La transition écologique devient un critère de référence pour les activités des établissements et des opérateurs. L’échelle des sites est particulièrement appropriée pour concevoir et déployer ces instruments de sensibilisation et de formation. Les collaborations régionales seront encouragées.
Les établissements d’enseignement supérieur accéléreront et renforceront leur implication. Dans le respect de leur autonomie, les établissements trouveront une source d’enrichissement dans l’échange et dans le partage des contenus d’enseignement et de projets concrets. L’inscription dans des démarches de labellisation des politiques d’établissements, largement entamée, sera encouragée.
La mobilisation des personnels de l’enseignement supérieur sera favorisée. La formation des formateurs est une priorité. Par ailleurs, tous les personnels de l’enseignement supérieur pourront être bénéficiaires d’une sensibilisation aux enjeux de la transition écologique.

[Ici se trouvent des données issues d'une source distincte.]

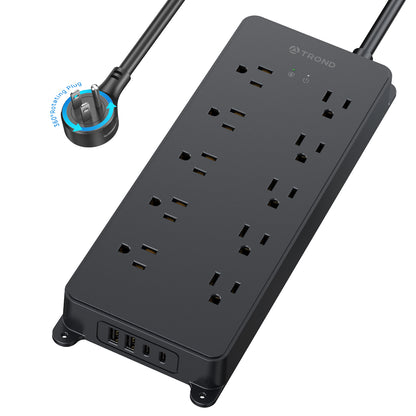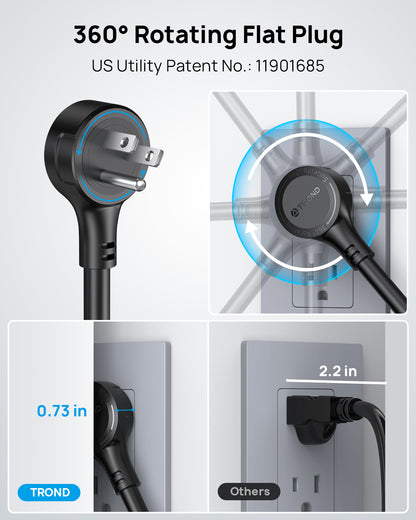 【360° Rotating Flat Plug】This power strip features a swivel plug (0.73 inches in thickness), and the unique rotating design allows the plug to adjust to any angle, providing more flexibility and convenience in tight spaces. US Utility Patent No.: 11901685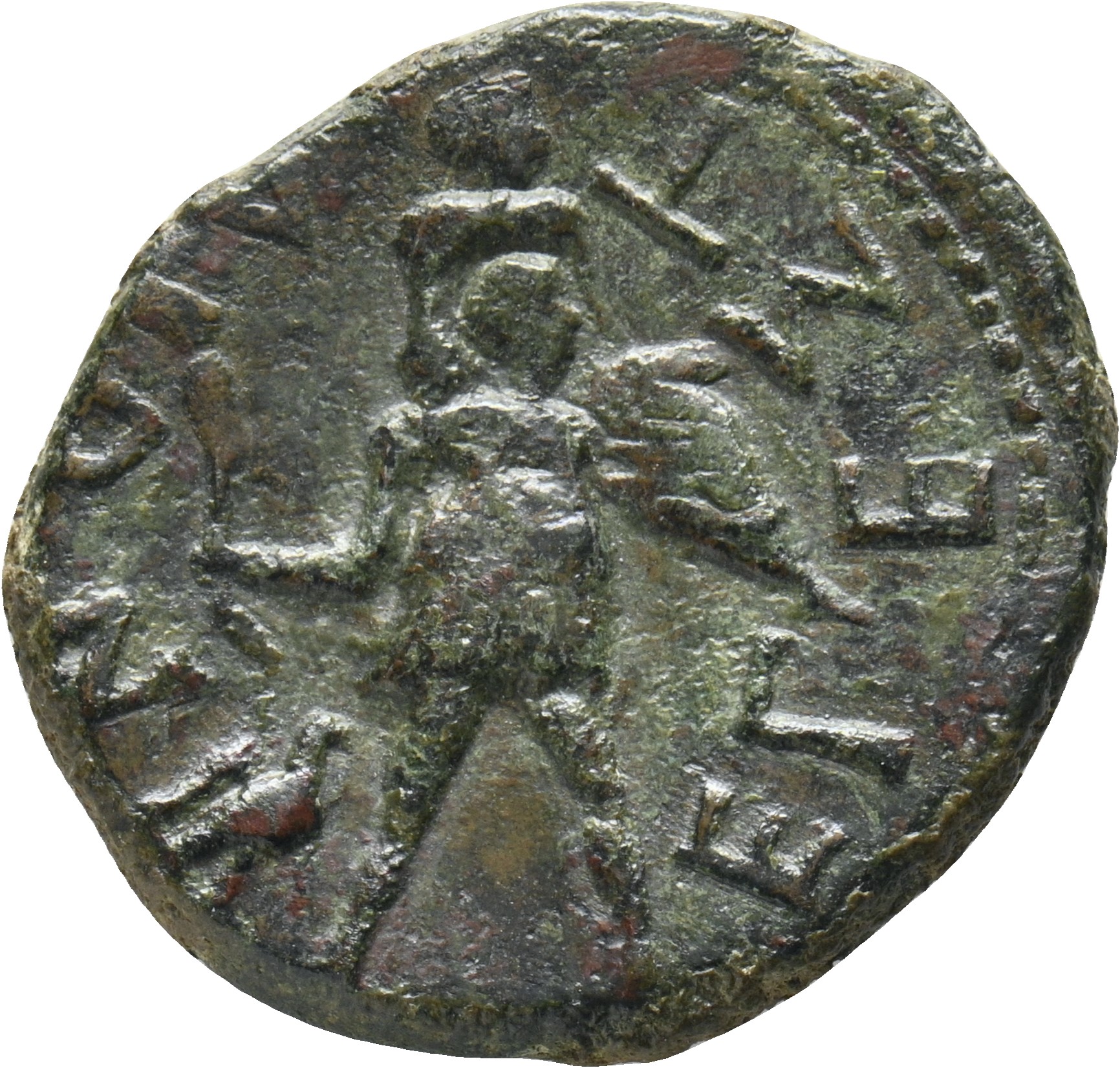 Aigiste debout, un pied sur des rochers, coiffé d'un pileus (bonnet), tenant une lance

La mobilisation des étudiants sera encouragée. En complément des contenus pédagogiques, l’engagement des étudiants dans des projets concrets de transition écologique, soutenus localement par des référents, sera une clef de réussite.
Faciliter et suivre le déploiement des propositions. L’organisation du partage des ressources et des expériences, via des plateformes d’échange, sera déterminant pour atteindre la mobilisation de tous les acteurs.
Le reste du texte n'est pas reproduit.